↓

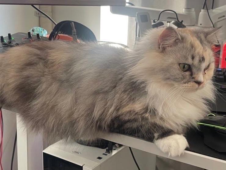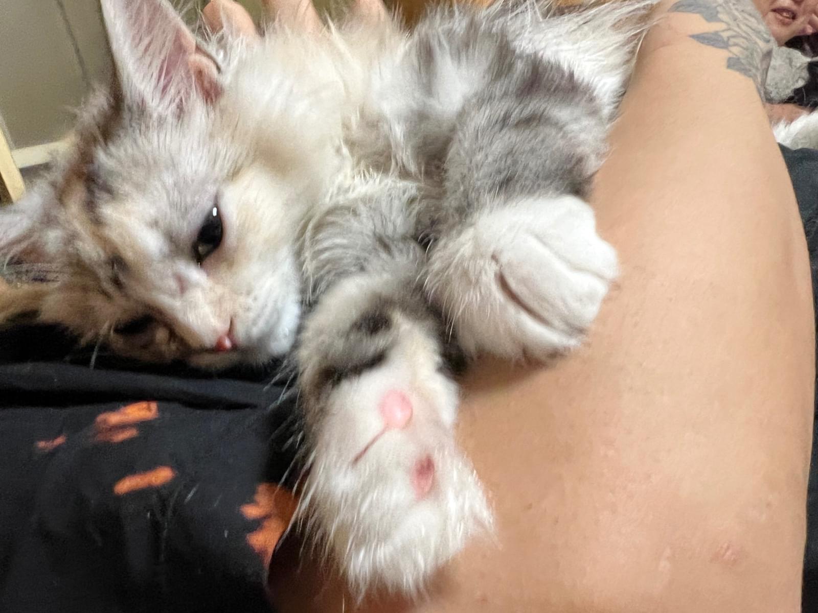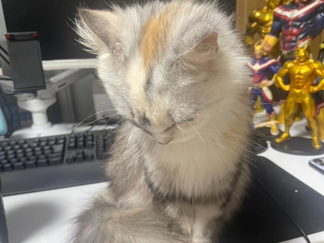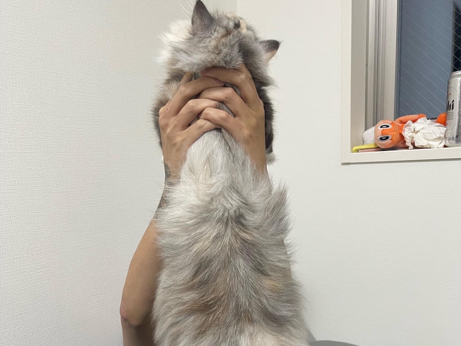 首輪をつけていなく 長毛のマーブル柄で 白茶灰色の毛色
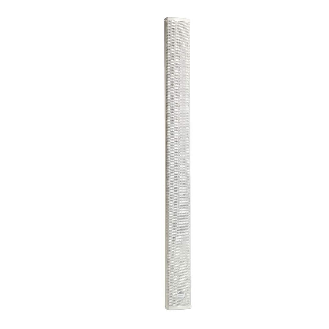 Aluminiowy głośnik kolumnowy o niezwykle smukłej sylwetce, wyposażony w dziesięć 2" przetworników niskotonowy oraz jeden 1" przetwornik wysokotonowy. Moc znamionowa 50W/20Ω. Wbudowany transformator o odczepach 100V/50W-25W-12,5W-20Ω, pasmo przenoszenia 180-18000Hz, czułość 91dB (1W/1m). Współczynnik ochrony IP55. Kolor Biały (RAL9016).
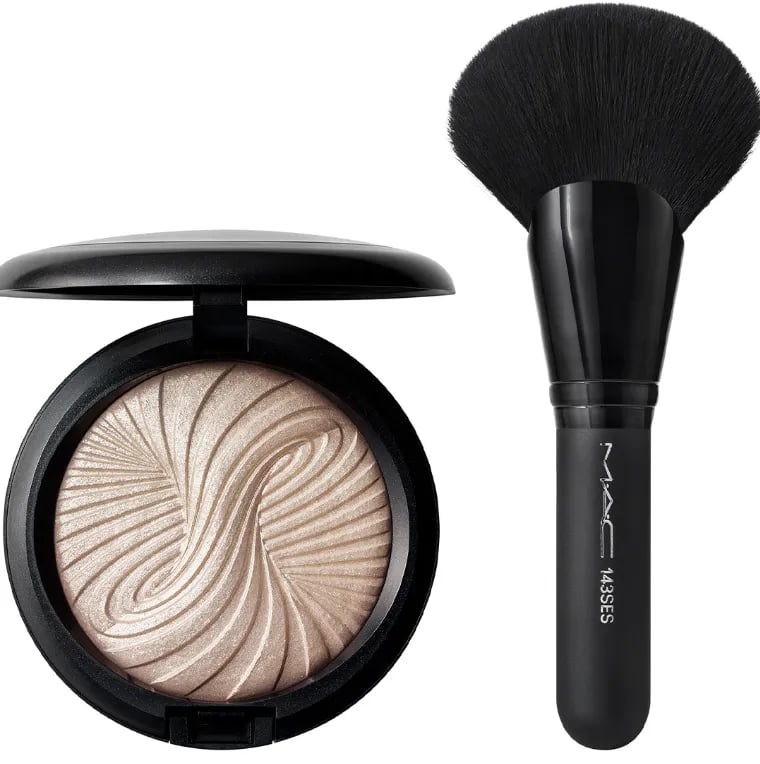 Trick Of The Light Extra Dimension Skinfinish Kit Set Mac: Makeup Bag, Burgundy + Mac, Multi Face Brush, 143S + Extra Dimension Skinfinish, Highlighter Powder, Magnetic Attraction, 9 G
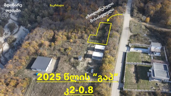 არასასოფლო სტატუსის 751 მ^2 კერძო სახლის მშენებლობის უფლებით კ2 - 0.8 კომუნიკაციები ნაკვეთთან. ბუნებაში, მდინარის სიახლოვეს საუკეთესო ადგილას მიწა ახალ დასახლებაში. საგურამოდან 5-7 წუთი. იყიდება სასწრაფოდ შეზღუდული პერიოდით! ✅გაპი კ2 - 0.8 ✅არასასოფლო ✅ მაღალმთიანის სტატუსი ✅ასფალტიანი გზა ✅მდინარე ✅ნაკრძალი ✅კომუნიკაციები
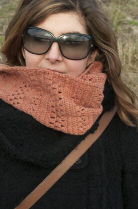 The cowl is worked in rows, the ends are then joined as you go. It is easy to crochet and can be done in any yarn that you like. I wouldn’t suggest a bulky one though.

↑

Each line from the one with "Trick Of The" through the final line of the records must be copied exactly, with no pictures and no additional lines.

 Trick Of The Light Extra Dimension Skinfinish Kit Set Mac: Makeup Bag, Burgundy + Mac, Multi Face Brush, 143S + Extra Dimension Skinfinish, Highlighter Powder, Magnetic Attraction, 9 G
 არასასოფლო სტატუსის 751 მ^2 კერძო სახლის მშენებლობის უფლებით კ2 - 0.8 კომუნიკაციები ნაკვეთთან. ბუნებაში, მდინარის სიახლოვეს საუკეთესო ადგილას მიწა ახალ დასახლებაში. საგურამოდან 5-7 წუთი. იყიდება სასწრაფოდ შეზღუდული პერიოდით! ✅გაპი კ2 - 0.8 ✅არასასოფლო ✅ მაღალმთიანის სტატუსი ✅ასფალტიანი გზა ✅მდინარე ✅ნაკრძალი ✅კომუნიკაციები
 The cowl is worked in rows, the ends are then joined as you go. It is easy to crochet and can be done in any yarn that you like. I wouldn’t suggest a bulky one though.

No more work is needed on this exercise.